I hope that high school football fans on the Hi-Line know how lucky they all are. No, check that, how lucky we all are, because I’m a fan too.
On Saturday afternoon, in what will surely a frigid and cold town of Big Sandy, fans will get to watch the Class C Six-Man Pioneers try to reach the state championship game. It’s an exciting time for the Pioneers, the Big Sandy student-body and the entire town and win or lose Saturday against Valier, it’s history in the making.
But Saturday’s game in Big Sandy is just another in a long line of great and historical football stories on the Hi-Line, as our area continues to churn out great high school football.
For me, it all began in 2002 when Havre High unexpectedly reached and hosted the Class A state championship game. The Ponies lost a close battle with Laurel that day, but just two years later, they got their coveted state championship when they bested Billings Central in the 2004 title game.
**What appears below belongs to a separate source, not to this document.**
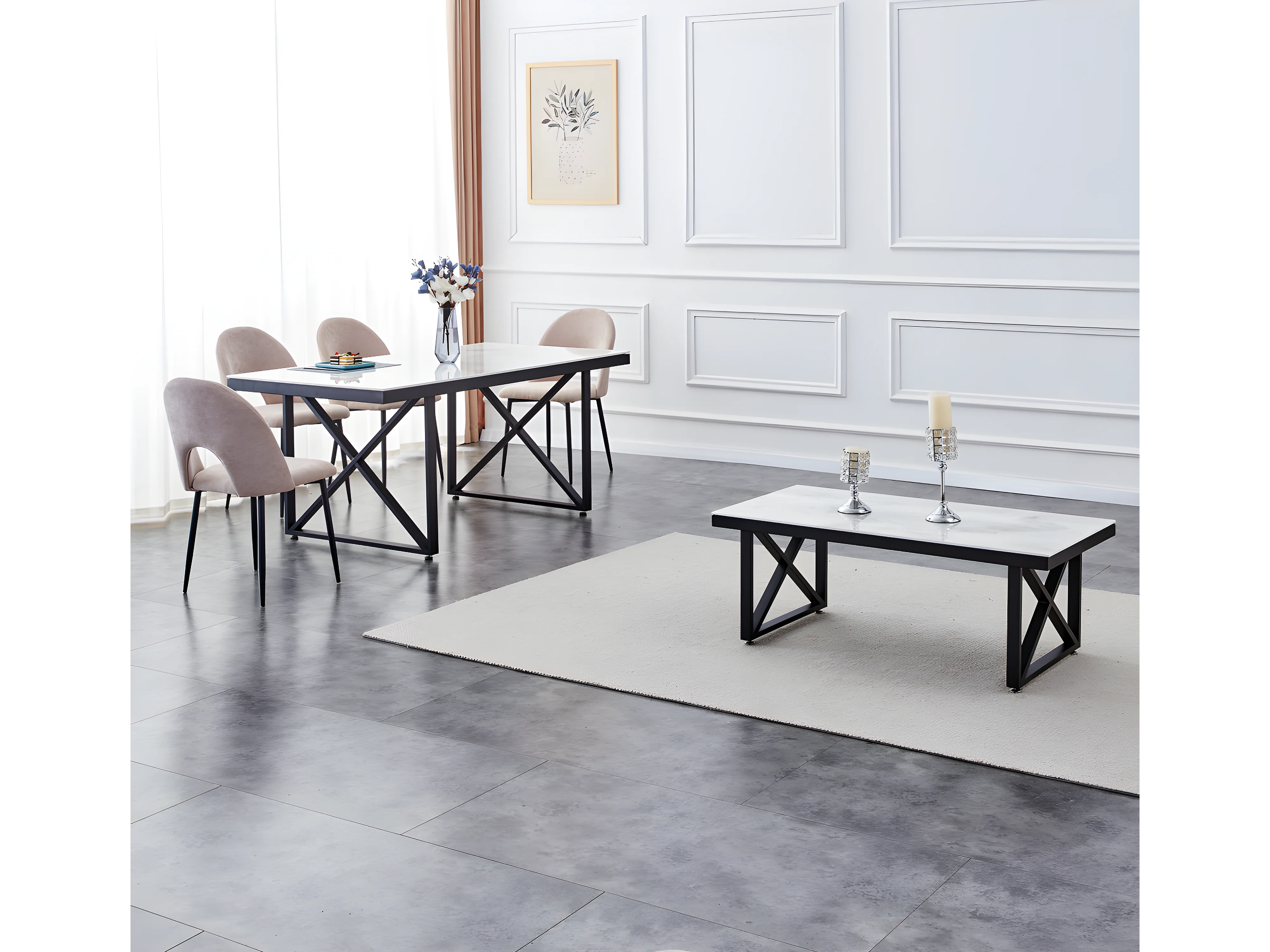 Table repas levanto 6 à 8 couverts plateau en verre marbré beige

For me, and for fans, that could have been the pinnacle of football success on the Hi-Line. But really, it was just the beginning.
Havre has continued to make the playoffs on a regular basis, while Chinook and Big Sandy have been more than dominant in their respective classes over that same time frame. Add in multiple playoff appearances by North Star and Chester/J-I and it’s tough to argue against the Hi-Line being one of the high school football hotbeds in the Treasure State.
Chinook’s recent run includes four straight trips to the Class C playoffs, two semifinal berths and a Class C state championship in 2010. Again, that frigid November day when the Sugarbeeters blasted Wibaux for the school’s first football state title could have been the mountain top for area, but Big Sandy may have other ideas this season.
And for longevity sake, Chinook and Havre have been great for a long time now, but consistency has been the trademark of Big Sandy football.
The Pioneers are making their third straight trip to the Six-Man semifinals, and Saturday’s game against Valier may be the Pioneers’ best chance to get into the championship game.
However, Big Sandy hasn’t just been a Six-Man power the last 10 years, the Pioneers also made plenty of noise as a Northern C 8-man power not so long ago. In 2003, the Pioneers made it all the way to the Class C championship game before falling to the Drummond Trojan dynasty. And Big Sandy kept up its great play, through its remaining years in 8-man football and now in the Six-Man ranks.
And now, ironically, in a season in which the Pioneers are the subject of a football documentary on Six-Man football in Montana, they are on the verge of a historic season.
But on the Hi-Line, historic football seasons are nothing new. You can go back to some great Havre High teams of the past, teams from Chester and Blue Sky/KG, which won state titles on the same day in 1998, while Blue Sky/KG repeated in Six-Man the next year. You can look at Chinook’s runs recently and even Havre’s jaunt to the Class A state semifinals just a year ago.
And the list goes on and on. That list simply suggests that high school football on the Hi-Line is always in the mix when it comes to playoff and state championship success. Whether it’s Class or Six-Man, just in my time at the Havre Daily News, which is going on 11 years now, I’ve always been busy this time of year.
And thanks to the Pioneers, myself and my staff are going to be very busy and very cold on Saturday. But that’s OK with us. Bring on the snow and the wind and the wind chills. Because if I’m standing out in that kind of weather on a Saturday in mid-November it means a local football team is on the verge of more history.
And with how often teams like the Pioneers, Ponies and Beeters get there, it really doesn’t matter how bad the weather gets Saturday. With so much football success on the Hi-Line, I’m used to it by now, and I know that this year’s great run by Big Sandy won’t be the last great run by a team in our area.